Ich sehe schon die Zyniker und selbsternannten Realisten vor mir, wie sie ihre Köpfe schütteln und herablassend lächeln über diese „naive Idee“. Aber wenn es nach solchen Leuten gehen würde, hätte es noch nie einen Fortschritt auf geistigem Gebiet gegeben, dann wären wir immer noch rechtlos und würden von einer kleinen Adelsclique beherrscht. Ich weiß sehr gut, dass ein weltumspannendes Haus der guten Nachbarschaft kein leichtes Ziel ist. Vielleicht ist es sogar das schwerste Ziel, das wir uns als Menschen setzen können. Noch unendlich viel schwerer als eine Reise zum Mars oder der Bau von Siedlungen im Weltall. Denn es ist ein Ziel, das von uns verlangt, über unseren eigenen Schatten zu springen. Es verlangt von uns, uns selbst zurückzunehmen. Auch einmal Fünfe gerade sein zu lassen und Kompromisse zu schließen. Das ist etwas, was vielen unendlich schwerfällt. Es ist eine Zumutung. Eine Mühsal. Aber es ist eine Mühsal, die sich lohnt. Jeder Schritt, den wir auf das Ziel zu machen, lohnt sich, auch wenn wir es vielleicht niemals ganz erreichen werden. Und auch wenn uns Rückschläge wieder und wieder zurückwerfen: trotzdem dürfen wir in unserem Bemühen nicht nachlassen, müssen wir es wieder und wieder versuchen. Denn was wir damit gewinnen ist wohl das Größte, was Menschen in dieser Welt erreichen können: ein Haus des Friedens und der guten Nachbarschaft für alle Menschen.
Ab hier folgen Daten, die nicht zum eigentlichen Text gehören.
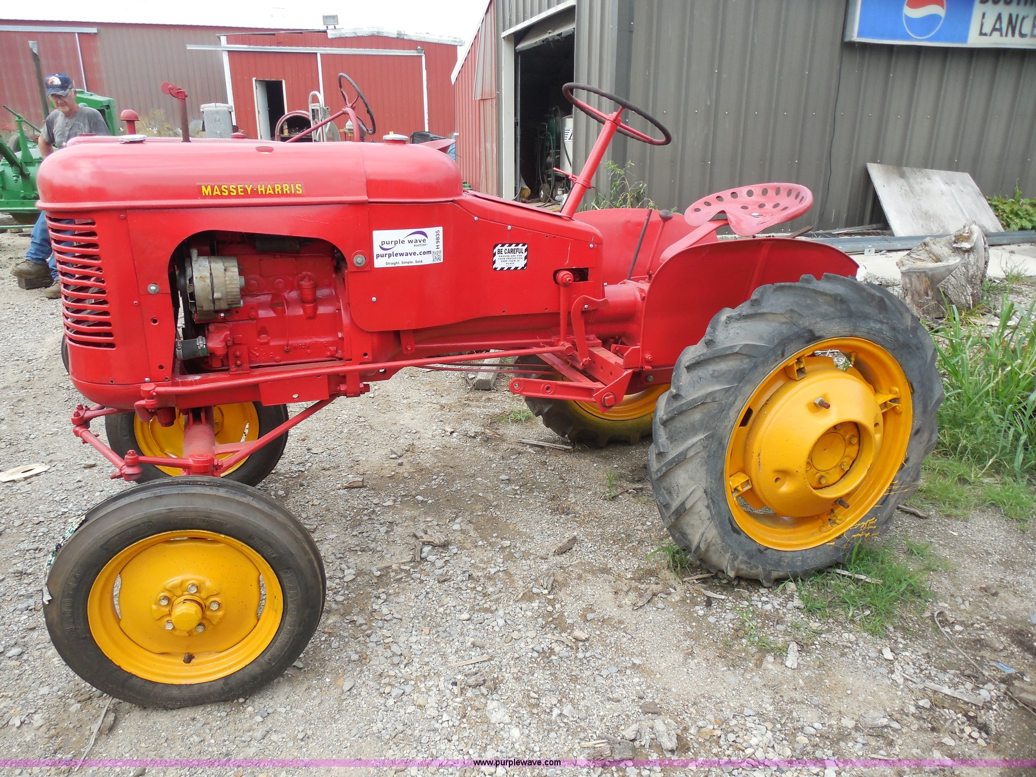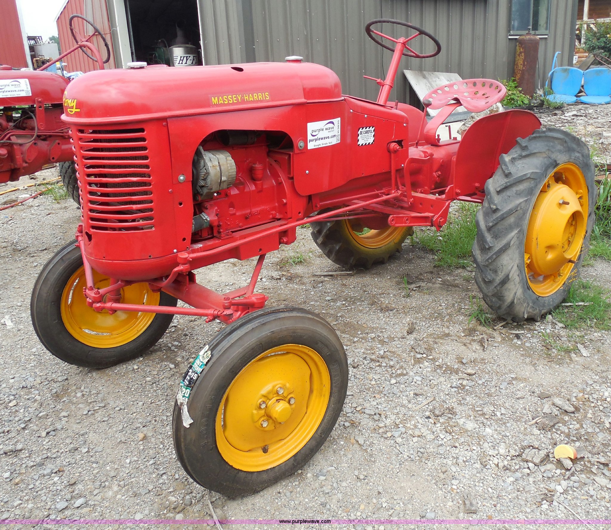 Purple Wave is selling a used Tractor in Kansas. This item is a Massey-Harris Pony tractor with the following: Continental N62 four cylinder gas engine, Serial 55927, Manual transmission, 3F gears, 540 PTO, Recently replaced 4.00-15 front tires, 8.3-24 rear tires

Freilich wird es ein Haus sein, das immer in Gefahr ist, denn die menschliche Natur bleibt immer zwiespältig. Sie hat immer gute und schlechte Seiten, in jedem einzelnen Menschen. Die guten Seiten zu fördern und zu nutzen, während die Schlechten kontrolliert werden — das wird eine niemals endende Aufgabe der ganzen Menschheit bleiben, solange sie existiert.